Pour plusieurs raisons aussi, l’investissement immobilier s’opère depuis le Grand-Duché au dehors des frontières. À la Bil, le responsable de la banque privée pour les clients résidents, Raoul Stefanetti, défend d’abord l’intérêt de la diversification géographique des actifs. Un client disposant d’un patrimoine de trois millions d’euros trouvera via un investissement de quelque 125 000 euros (apport minimum) dans un Raif (Reserved alternative Investment fund), la possibilité de mitiger son risque marché, en termes de région, mais aussi de classe d’actif (résidentiel ou bureau). Alors que la part d’investissement dans la pierre ne doit peser que pour dix ou vingt pour cent des actifs selon une croyance partagée chez les gérants de fonds, les portefeuilles des investisseurs locaux sont souvent surexposés à l’immobilier local (du fait d’une accumulation incrémentale de patrimoine et d’un renchérissement naturel et continu du foncier). Raoul Stefanetti indique en outre que la crise apporte son lot de « bonnes affaires » dans les principales capitales européennes, comme Londres ou Paris, avec des sociétés « distressed » qui cherchent à se débarrasser promptement d’immobilier à fort potentiel, en termes de rendement locatif et de plus-value à terme.

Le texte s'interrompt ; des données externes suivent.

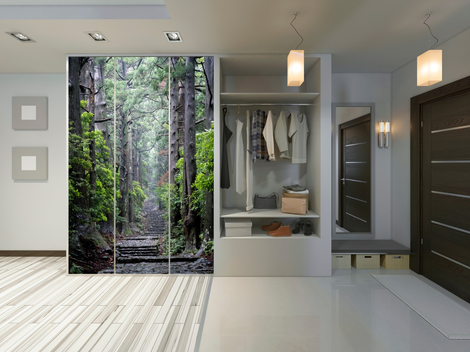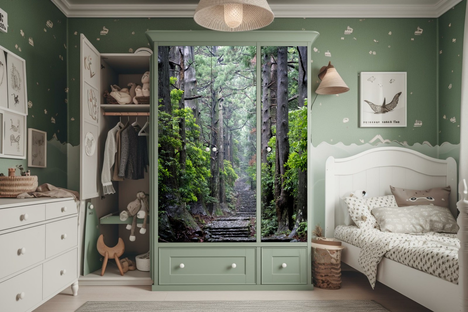 Schrankaufkleber Mystischer waldweg zwischen alten bäumen

Bien sûr, l’investissement en actions doit compléter le portefeuille d’investissement, rappellent en chœur les conseillers financiers. Chez BCEE Asset Management, le directeur Carlo Stronck souligne que les banques centrales soutiennent les marchés coûte que coûte. « Il faut constinuer à investir », assure-t-il. Le gérant de fonds croit dur comme fer qu’un placement bien diversifié sur le marché actions à quatre ou cinq ans fructifiera davantage qu’un compte épargne.